Round the Twist was a very popular TV series in the late 80s/early 90s. A family with three kids lived in a lighthouse, which was variously haunted, attracted monsters, turned one of the kids into something else, etc… you get the idea. The kids would always solve the mystery before the adults worked out what was going on. Looking back at YouTube clips now, it certainly hasn’t aged well and was probably terrible even then, but we loved it and discussed it avidly each week. I’m fairly sure we all had a crush on the older brother, who was probably only 12 at the time! So I was naturally very excited to see the lighthouse where it was filmed and it brought back a rush of memories. To everyone else, it was just a lighthouse. They all stood there completely nonplussed while Emma and I skipped up the path singing the theme tune, which I still know by heart despite not seeing the show for over 20 years. Altogether now: ‘Have you ever, ever felt like this? Have strange things happened? Are you going round the twist?’
Our next stop was Torquay, home of the RipCurl surf brand (quick stop at the factory outlet store, but no luck). Then we continued to Kennet River for a picnic lunch. Everyone joined in together and before long we had an impressive spread of salad, bread, wraps, cold meats, grated cheese and an assortment of dressings, sauces and extras making up a DIY sandwich bar. Emma’s tour guide experience showed through as she got us all involved, making light work of preparation and clearing away. After lunch, we went for a nature walk to see sleepy koalas, feeding noisy parrots directly from our hands and a warily avoiding a disturbingly tall emu. I have done well on my Aussie wildlife list and we haven’t even reached the Great Ocean Road yet.

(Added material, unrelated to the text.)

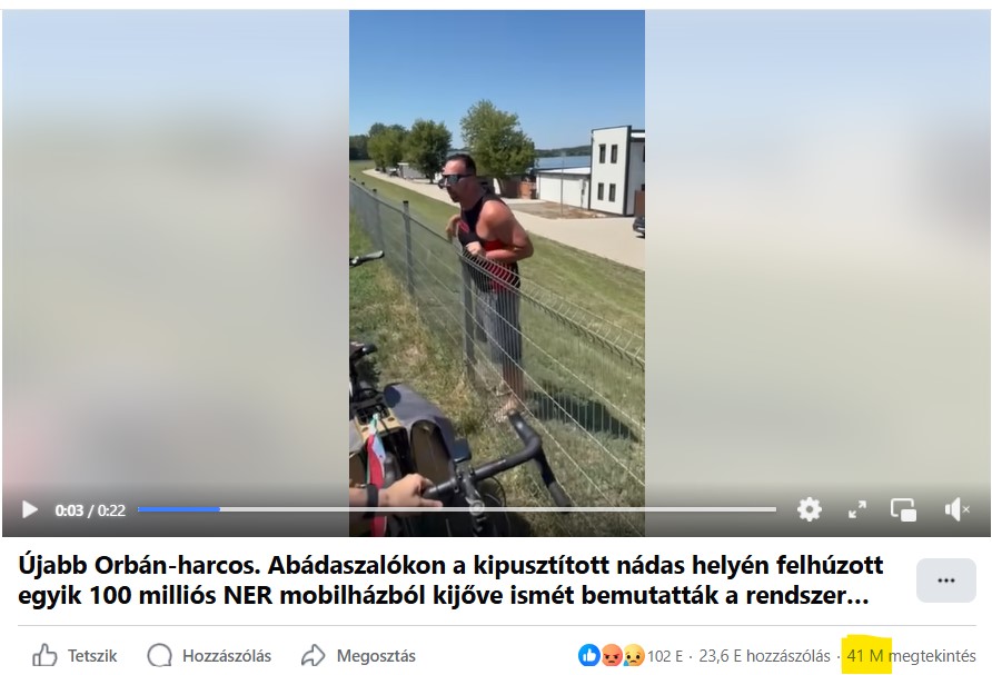 2025. Július 20-án Magyar Péter közzétett egy videót. Egy antipatikus férfi köpködni kezdi a tiszás aktivistákat. Provokatív tartalom, nyilvánvalóan a fideszesek megbélyegzését célozza, de önmagában ez még nem magyarázza a kiugró számokat. Ezt a videót ugyanis Magyar Péter oldalán - elvileg - 41 millióan látták. Igen, jól hallották. Négy és félszer annyian, mint ahányan az országban élnek.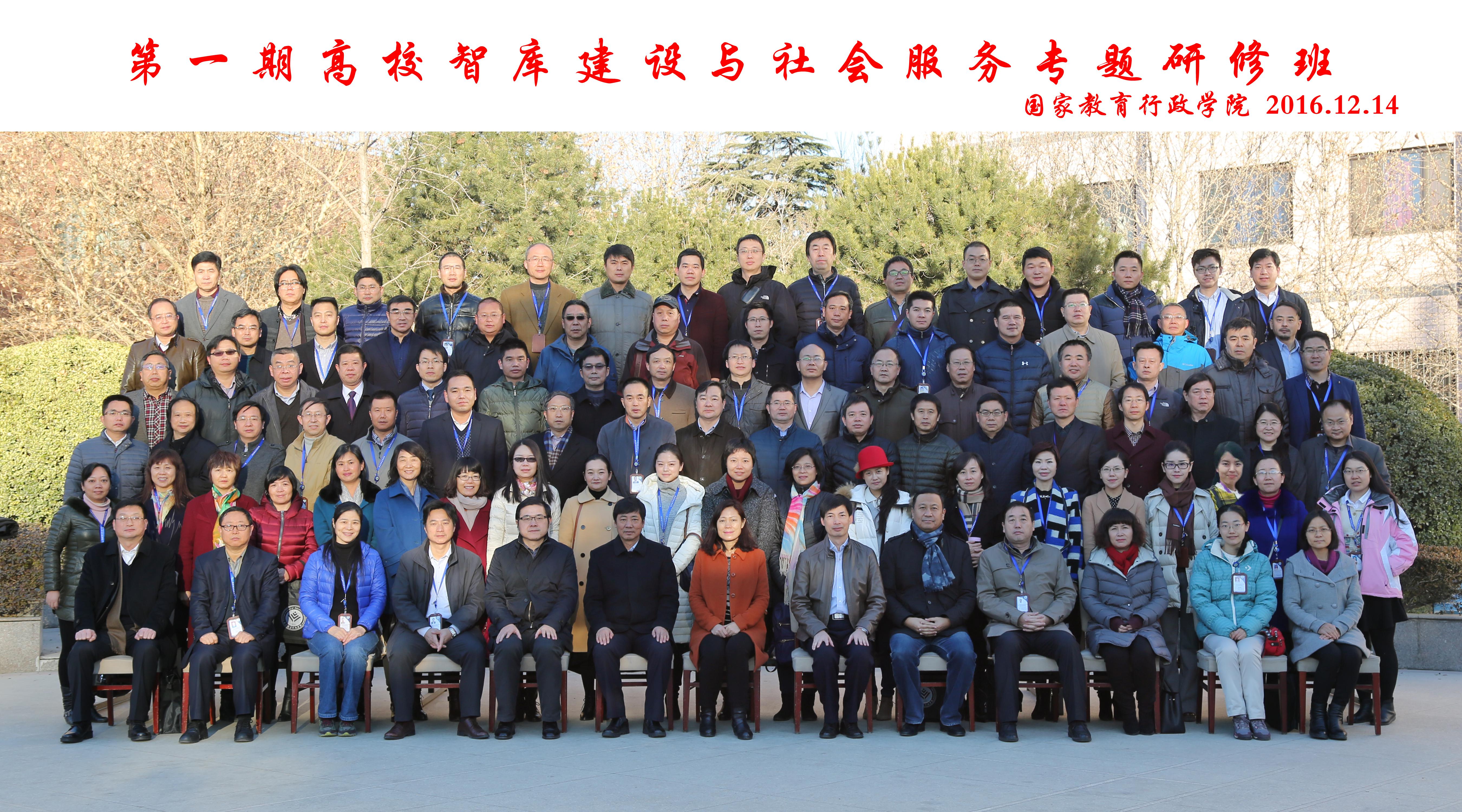 为共同探讨高校智库建设和服务社会的有效途径和方法,学习国际国内高校智库建设和服务社会的前沿理论,提升高校智库研究人员推进智库建设的使命意识、理论水平和实践能力,国家教育行政公司在2016年12月到2016年12月16日举办了第一期高校智库建设与服务社会专题研修班。

We reached the Great Ocean Road memorial in the early afternoon. A commemorative arch across the road and a bronze statue at the side stands testament to the many men returning from World War I who spent several years carving out the road along the coast. Although the statue marks the start of the road, it is in fact the entire thing which makes up longest memorial in the world.
We arrived at the 12 Apostles late afternoon and climbed down to the look-out points on the cliff tops. Like the Harbour Bridge or Uluru, this is one of Australia’s sights that I have seen many times on TV or travel magazines, but nothing quite prepared me for seeing them with my own eyes. The sea stacks looked almost eerie as they peered through the late afternoon haze, very calm and almost lonely despite the waves crashing below them. They were originally known as the Sow and Piglets, until the Tourist Board decided the 12 Apostles was a more attractive name, despite there having never actually been 12 of them.
We checked into our hostels, a group of cabins taken over by us and another two groups, ordered pizza from the nearby campsite shop, and took our pizza and beers down to the beach in time for sunset. Australia treated us to a stunning sunset of golden yellows, burning oranges and deep pinky reds with the Apostles cutting striking silhouettes in front. I tried to take some artistic pictures of the glowing colours rippling through the glass of my Corona beer bottle by the water’s edge, only to get caught just like I did in Fiji, losing an almost full bottle to a sneaky, salty wave. My travelling partners gave me about as much sympathy as the Fijian guy did who watched me last time round. I can still hear the echo of his deep booming laugh.